Выбрать главу

  Слова мужа, конечно, задели Ларису, но только разум, а не душу. Она знала, что Федор в сущности прав. Она никогда не могла без тошноты смотреть на расстрелы. И от парижского платья не могла отказаться. Как от стихов.

  Тогда Лариса решила нанести Федору последний удар:

  - Прости меня, если сможешь...

  - За что? - переспросил пораженный Раскольников. Никогда она еще не просила у него прощения. И вот, сподобилась... Неужели останется? Неужели все будет, как раньше, еще на Волге? Неужели поймет, что он убрал Гумилева только из-за любви к ней? Поймет и простит?!

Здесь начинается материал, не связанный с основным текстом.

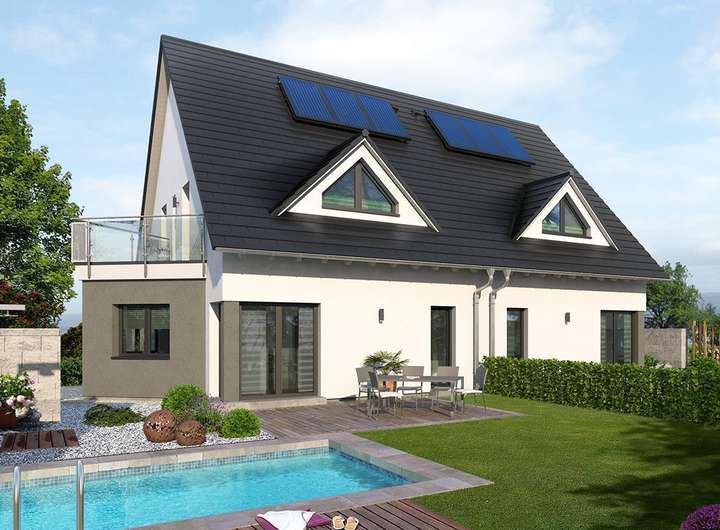 Dabei können Sie unsere Fertighäuser ganz nach Ihren eigenen Wünschen gestalten. Sowohl die Dachform (Satteldach, Walmdach, Flachdach oder Pultdach) als auch zusätzliche Bauteile wie Erker, Balkon oder Giebel sind frei wählbar.
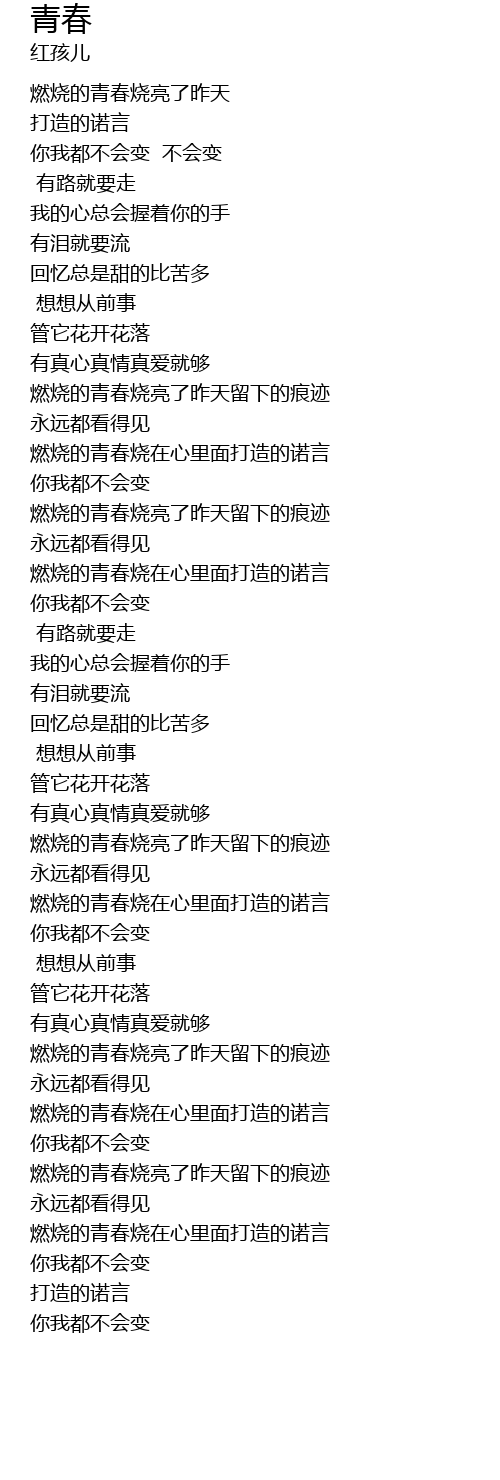 | [04:03.0] | 燃烧的青春烧在心里面打造的诺言 |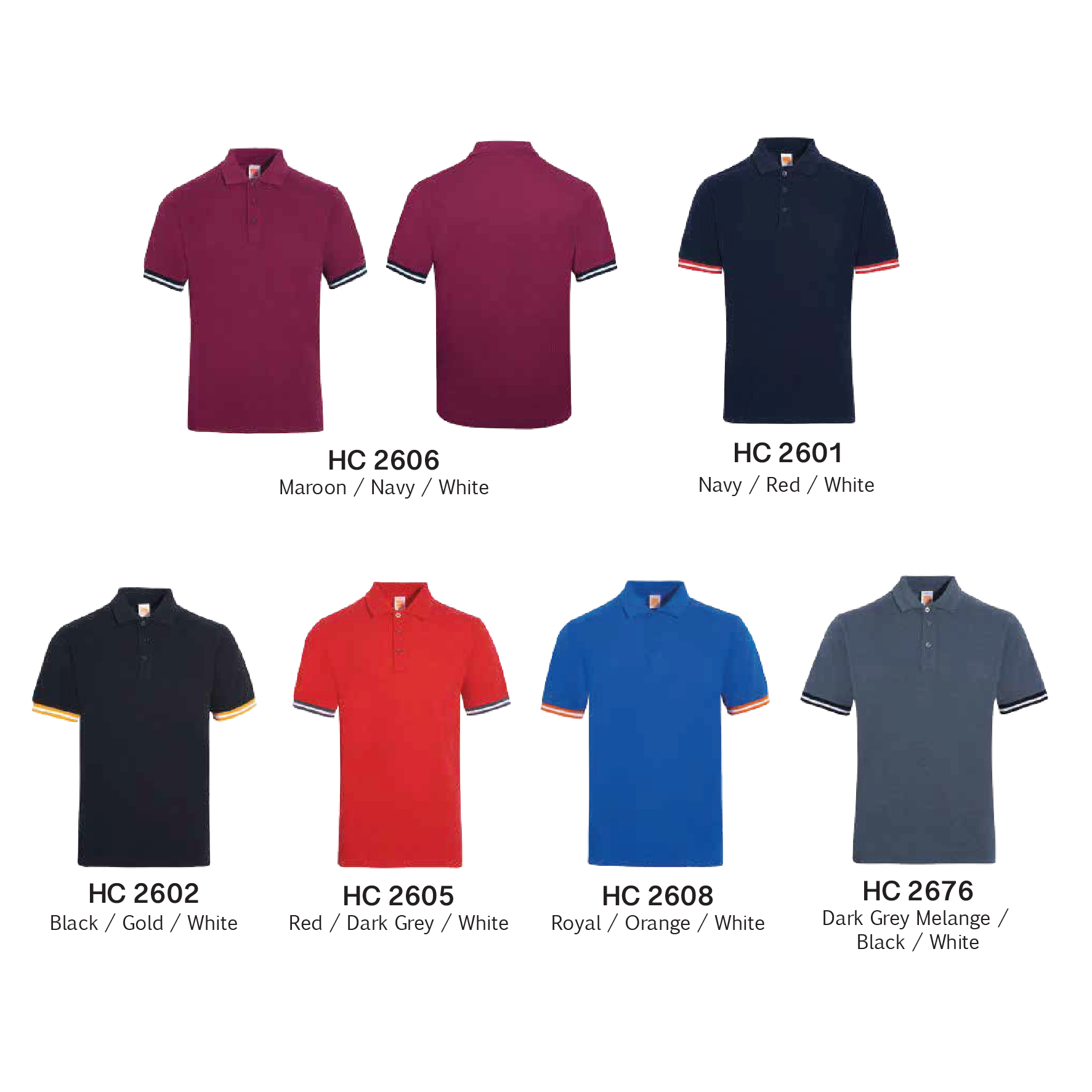 Maroon/Navy/White, Navy/Red/White, Navy/Gold/White, Red/Dark Grey/White, Royal/Orange/White, Dark Grey Melange/Black/White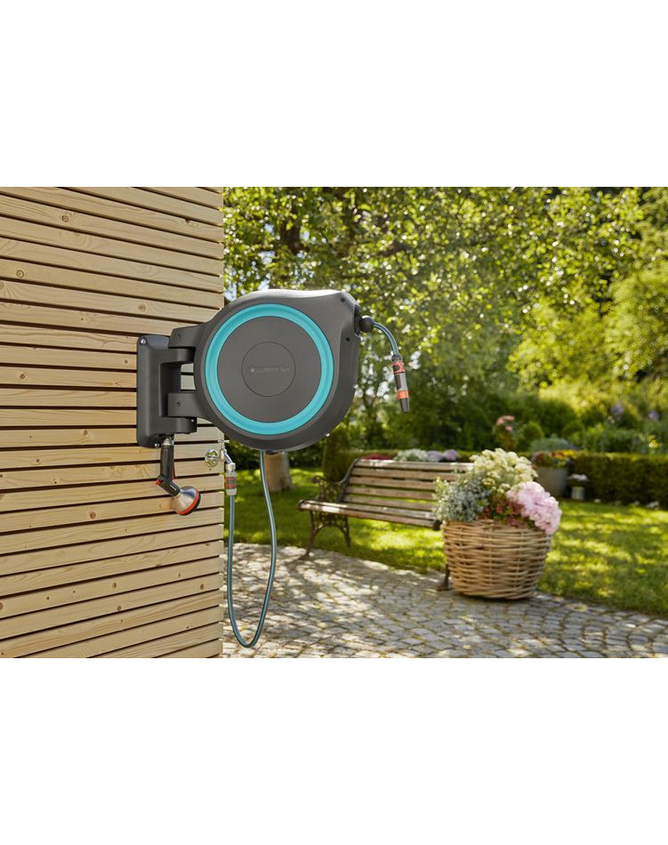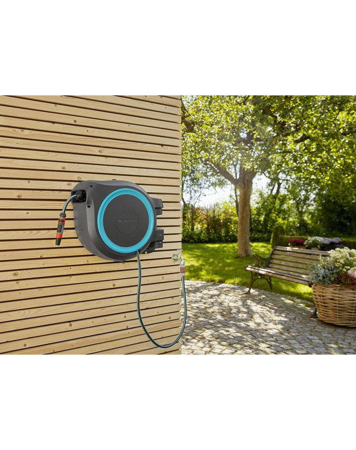 Nástěnný hadicový naviják, díky kterému ušetříte čas, místo a energii při zalévání zahrady. Kompaktní buben je připevněn ke zdi domu.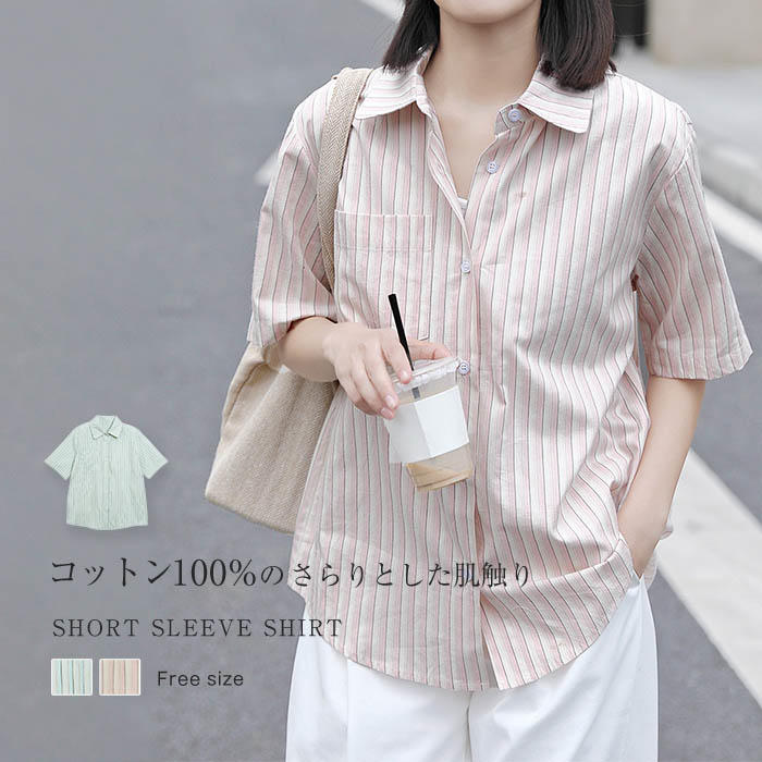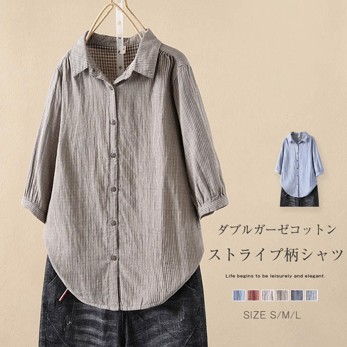 ダブルガーゼ シャツブラウス レディース 半袖 ストライプ シャツ ブラウス トップス シンプル ゆったり 大きいサイズ オフィス カジュアル 柔軟 通気性良く ナチュラル ガーゼ 綿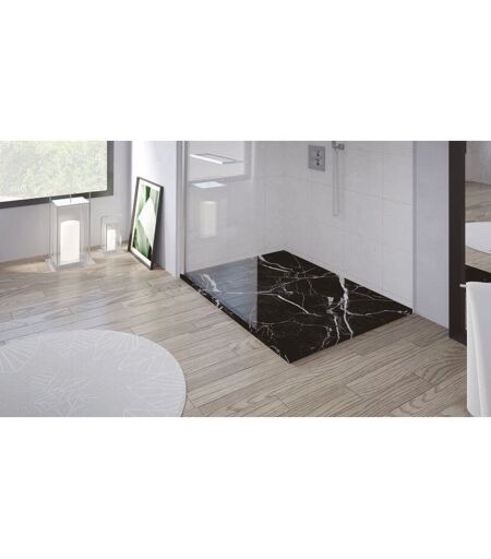 Ondee - zen - Receveur de douche nola 3 - 80x160x3 - Résine - Marbre noir - Bonde - Découpable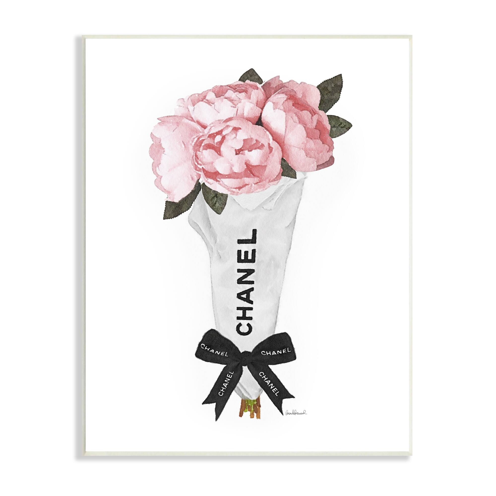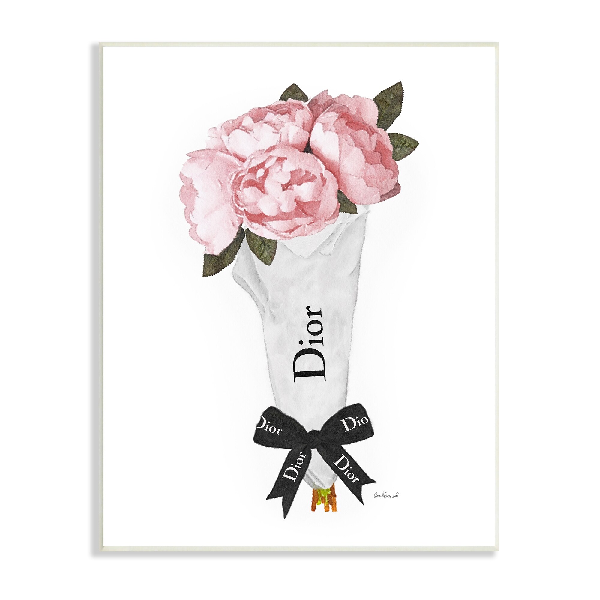Stupell Industries Pink Peonies Flower Bouquet Glam Fashion Bow Wood Wall Art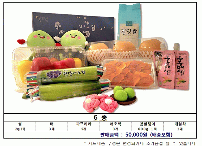 이번 선물세트는 광양농협과 협업해 추진됐으며, ▲쌀 ▲배 ▲파프리카 ▲애호박 ▲감말랭이 ▲매실청 등 광양에서 생산된 우수 농특산물 6개 품목으로 구성됐다.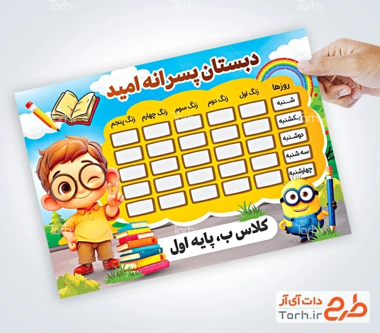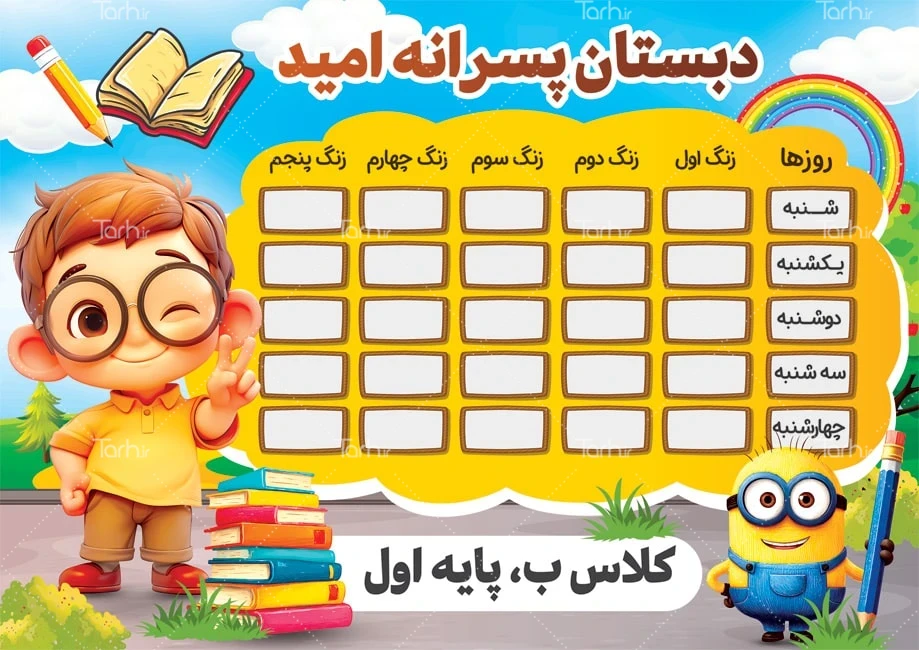 فایل لایه باز برنامه هفتگی مدرسه با فرمت psd و قابل ویرایش در نرم افزار فتوشاپ به صورت لایه باز توسط تیم طراحان طرح دات آی آر طراحی شده است. در طرح برنامه هفتگی مدرسه از تصاویر و المانهای با کیفیت و متناسب با استاندارد چاپ استفاده شده است. طرح لایه باز برنامه کلاسی برای برنامه ریزی درسی هفتگی در مدارس، مراکز آموزشی و همچنین استفاده شخصی دانش آموزان کاربرد دارد. طرح آماده برنامه کلاسی مدرسه از جلمه برنامه هفتگی مدرسه ابتدایی شامل تصویرسازی دانش آموز و مینیون میباشد. المانهای استفاده شده در طرح برنامه کلاسی مدارس قابلیت ویرایش، جابه جایی و تغییر سایز را دارا بوده و شما می توانید متناسب با سلیقه خودتان طرح لایه باز برنامه هفتگی را ویرایش نمایید.

  Но ответ был настолько страшен, что Раскольников механически сжал в кулаки предательски задрожавшие руки. Лучше бы она не просила прощения, лучше бы промолчала!

  - За то, что я не люблю тебя. Никогда не любила. Даже тогда, на Волге. Даже в семнадцатом, в Петрограде.

  - И ты прости меня, Лара, - сдерживаясь из последних сил, ответил Раскольников.

  - За что, Федор?

  - За то, что я тебя слишком любил! Поэтому лучше уходи и не возвращайся.

  Они еще некоторое время молчали: тяжело, опустошенно, бесцветно. Как потерявшие последние силы боксеры, разведенные по углам ринга. Потом Лариса рванула на себя дверь кабинета, вышла... Раскольников сделал несколько неверных шагов и тяжело рухнул на стул, уронил разламывающуюся пылающую голову на испещренный пятнами от виски и чернил стол. Ему хотелось завыть, страшно и одиноко. Так воет волк, навсегда потерявший свою волчицу и оставшийся в опустевшем логове. Но он только по-волчьи впился зубами себе в запястье. Теперь кровь была и на его руках. Он просидел так полдня. Никто не вошел, никто не посмел потревожить полпреда.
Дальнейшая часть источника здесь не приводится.